### Stored data
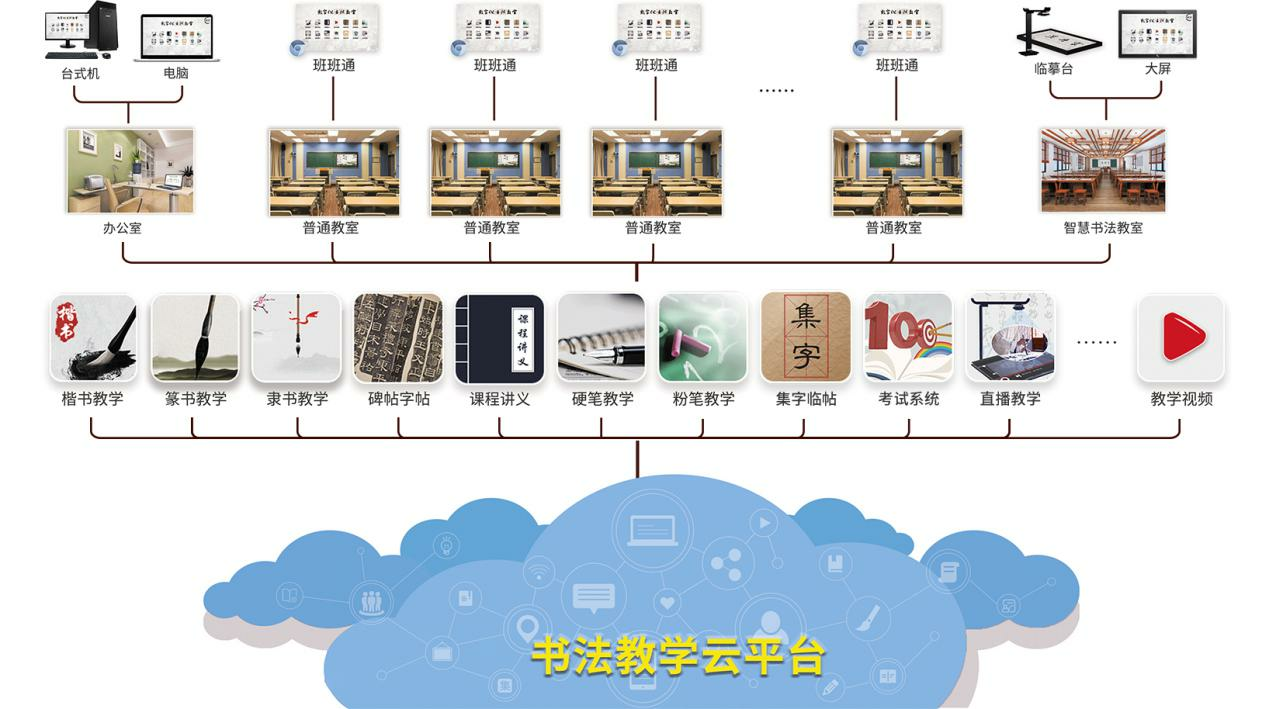 漢丹云智慧書(shū)法云教室依托行業(yè)領(lǐng)先的云平臺(tái)構(gòu)建書(shū)法云服務(wù),讓學(xué)校所有教室都可以開(kāi)展書(shū)法教學(xué)工作,解決學(xué)校教室緊張、排課困難和師資緊缺等多方面問(wèn)題。書(shū)法專用教室在日常教學(xué)排課中,存在資源緊張,排課困難的情況,很難保證每個(gè)學(xué)生的課時(shí)安排;同時(shí)書(shū)法課除保證日常教學(xué)外,為達(dá)到好的教學(xué)效果,還需為學(xué)生提供額外的書(shū)法練習(xí)課,所以書(shū)法專用教室完全不能滿足日常教學(xué)使用。因此,將依據(jù)互聯(lián)網(wǎng)+教育理念打造網(wǎng)絡(luò)化的智慧書(shū)法教室,接入書(shū)法教學(xué)云平臺(tái),讓所有教室都可以開(kāi)展書(shū)法教學(xué)工作,解決書(shū)法功能教室排課緊張問(wèn)題;師生可以在校園任何接入網(wǎng)絡(luò)的設(shè)備上都可登陸書(shū)法云平臺(tái)開(kāi)展書(shū)法教學(xué)工作,賦能書(shū)法課堂和校園內(nèi)外,讓教學(xué)工作不受制于課堂。
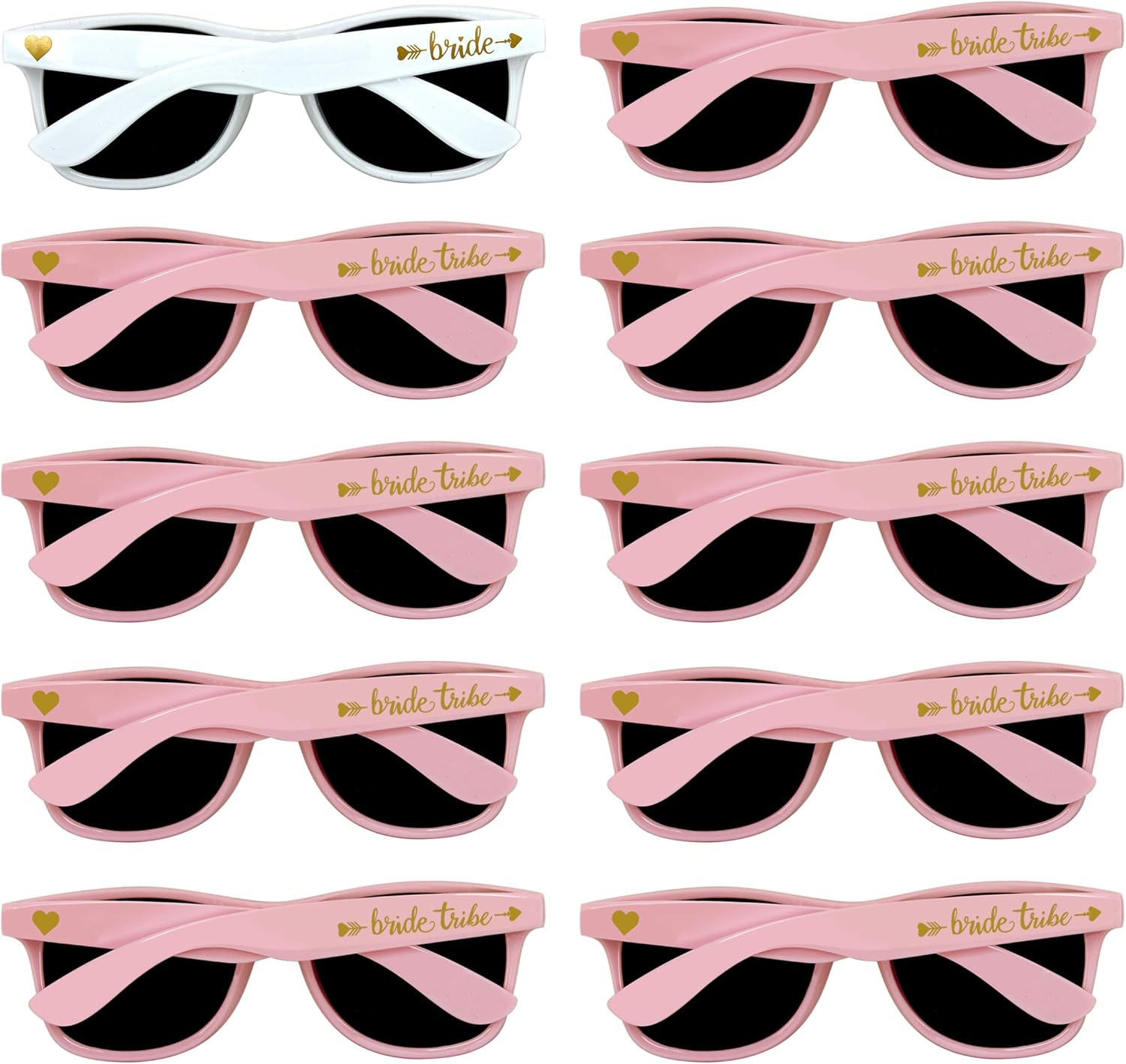 - Bachelorette Sunglasses Set---This Bachelorette Sunglasses kit contains a total of 1 Pair of white 'Bride' Sunglasses, 9 Pairs Pink 'Brides tribe' Sunglasses for bridesmaid. Great idea for Bachelorette party and bridal party.
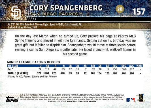 Cory Spangenberg 2015 Topps Opening Day Holo RC #157

### Task
Copy every line above exactly, leaving no picture in the copy.

### Solution
 漢丹云智慧書(shū)法云教室依托行業(yè)領(lǐng)先的云平臺(tái)構(gòu)建書(shū)法云服務(wù),讓學(xué)校所有教室都可以開(kāi)展書(shū)法教學(xué)工作,解決學(xué)校教室緊張、排課困難和師資緊缺等多方面問(wèn)題。書(shū)法專用教室在日常教學(xué)排課中,存在資源緊張,排課困難的情況,很難保證每個(gè)學(xué)生的課時(shí)安排;同時(shí)書(shū)法課除保證日常教學(xué)外,為達(dá)到好的教學(xué)效果,還需為學(xué)生提供額外的書(shū)法練習(xí)課,所以書(shū)法專用教室完全不能滿足日常教學(xué)使用。因此,將依據(jù)互聯(lián)網(wǎng)+教育理念打造網(wǎng)絡(luò)化的智慧書(shū)法教室,接入書(shū)法教學(xué)云平臺(tái),讓所有教室都可以開(kāi)展書(shū)法教學(xué)工作,解決書(shū)法功能教室排課緊張問(wèn)題;師生可以在校園任何接入網(wǎng)絡(luò)的設(shè)備上都可登陸書(shū)法云平臺(tái)開(kāi)展書(shū)法教學(xué)工作,賦能書(shū)法課堂和校園內(nèi)外,讓教學(xué)工作不受制于課堂。
 - Bachelorette Sunglasses Set---This Bachelorette Sunglasses kit contains a total of 1 Pair of white 'Bride' Sunglasses, 9 Pairs Pink 'Brides tribe' Sunglasses for bridesmaid. Great idea for Bachelorette party and bridal party.
 Cory Spangenberg 2015 Topps Opening Day Holo RC #157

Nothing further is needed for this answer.